These functions all implement user-defined ZLE widgets (see
ifzman(zmanref(zshzle))\
ifnzman(noderef(Zsh Line Editor))\
) which can be bound to keystrokes in interactive shells.  To use them,
your tt(.zshrc) should contain lines of the form

example(autoload var(function)
zle -N var(function))

followed by an appropriate tt(bindkey) command to associate the function
with a key sequence.  Suggested bindings are described below.

startitem()
tindex(bash-forward-word)
tindex(bash-backward-word)
tindex(bash-kill-word)
tindex(bash-backward-kill-word)
tindex(bash-transpose-words)
tindex(bash-up-case-word)
tindex(bash-down-case-word)
xitem(tt(bash-forward-word), tt(bash-backward-word))
xitem(tt(bash-kill-word), tt(bash-backward-kill-word))
xitem(tt(bash-up-case-word), tt(bash-down-case-word))
item(tt(bash-transpose-words))(
These work similarly to the corresponding builtin zle functions without the
`tt(bash-)' prefix, but a word is considered to consist of alphanumeric
characters only.  If you wish to replace your existing bindings with these
four widgets, the following is sufficient:

example(for widget in kill-word backward-kill-word \ 
forward-word backward-word \ 
up-case-word down-case-word \ 
transpose-words; do 
  autoload bash-$widget 
  zle -N $widget bash-$widget
done)
)
tindex(cycle-completion-positions)
item(tt(cycle-completion-positions))(
After inserting an unambiguous string into the command line, the new
function based completion system may know about multiple places in
this string where characters are missing or differ from at least one
of the possible matches.  It will then place the cursor on the
position it considers to be the most interesting one, i.e. the one
where one can disambiguate between as many matches as possible with as 
little typing as possible.

This widget allows the cursor to be easily moved to the other interesting
spots.  It can be invoked repeatedly to cycle between all positions
reported by the completion system.
)
tindex(edit-command-line)
item(tt(edit-command-line))(
Edit the command line using your visual editor, as in tt(ksh).

example(bindkey -M vicmd v edit-command-line)
)
tindex(history-beginning-search-backward-end)
tindex(history-beginning-search-forward-end)
item(tt(history-search-end))(
This function implements the widgets
tt(history-beginning-search-backward-end) and
tt(history-beginning-search-forward-end).  These commands work by first
calling the corresponding builtin widget (see
ifzman(`History Control' in zmanref(zshzle))\
ifnzman(noderef(History Control))\
) and then moving the cursor to the end of the line.  The original cursor
position is remembered and restored before calling the builtin widget a
second time, so that the same search is repeated to look farther through
the history.

Although you tt(autoload) only one function, the commands to use it are
slightly different because it implements two widgets.

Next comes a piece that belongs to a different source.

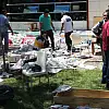Suruç'ta Amara Kültür Merkezi önünde saat 11.40 sıralarında Sosyalist Gençlik Dernekleri Federasyonu üyelerinin basın açıklaması yaptığı sırada meydana gelen patlamanın ardından inceleme yapıldı. Patlamanın şiddetiyle kültür merkezinin camlarının kırıldığı gözlenirken, yerdeki cesetlerin üzeri gazetelerle örtüldü. Güvenlik güçlerinin yoğun önlem aldığı Amara Kültür Merkezi'nin çay bahçesinde incelemede bulunan ekipler, delilleri topladı. İncelemenin ardından torbalara konulan cesetler, cenaze araçlarıyla morga kaldırılmaya başlandı.
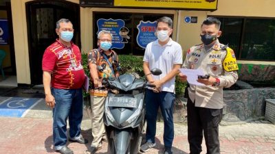 Surabaya,[ radarjatim.co –Unit Reskrim Polsek Dukuh Pakis jajaran Polrestabes Surabaya kembalikan sepeda motor merk Vario kepada pemiliknya,yang merupakan korban pelaku pencurian kendaraan bermotor (curanmor) yang terjadi depan Hotel di Jl.Kupang Jaya Surabaya.pada Rabu, 7 Desember 2022.

example(zle -N history-beginning-search-backward-end \ 
       history-search-end
zle -N history-beginning-search-forward-end \ 
       history-search-end
bindkey '\e^P' history-beginning-search-backward-end
bindkey '\e^N' history-beginning-search-forward-end)
)
tindex(incarg)
vindex(incarg, use of)
item(tt(incarg))(
Typing the keystrokes for this widget with the cursor placed on or to the
left of an integer causes that integer to be incremented by one.  With a
numeric prefix argument, the number is incremented by the amount of the
argument (decremented if the prefix argument is negative).  The shell
parameter tt(incarg) may be set to change the default increment something
other than one.

example(bindkey '^X+' incarg)
)
tindex(incremental-complete-word)
item(tt(incremental-complete-word))(
This allows incremental completion of a word.  After starting this
command, a list of completion choices can be shown after every character
you type, which you can delete with tt(^H) or tt(DEL).  Pressing return
accepts the completion so far and returns you to normal editing (that is,
the command line is em(not) immediately executed).  You can hit tt(TAB) to
do normal completion, tt(^G) to abort back to the state when you started,
and tt(^D) to list the matches.

This works only with the new function based completion system.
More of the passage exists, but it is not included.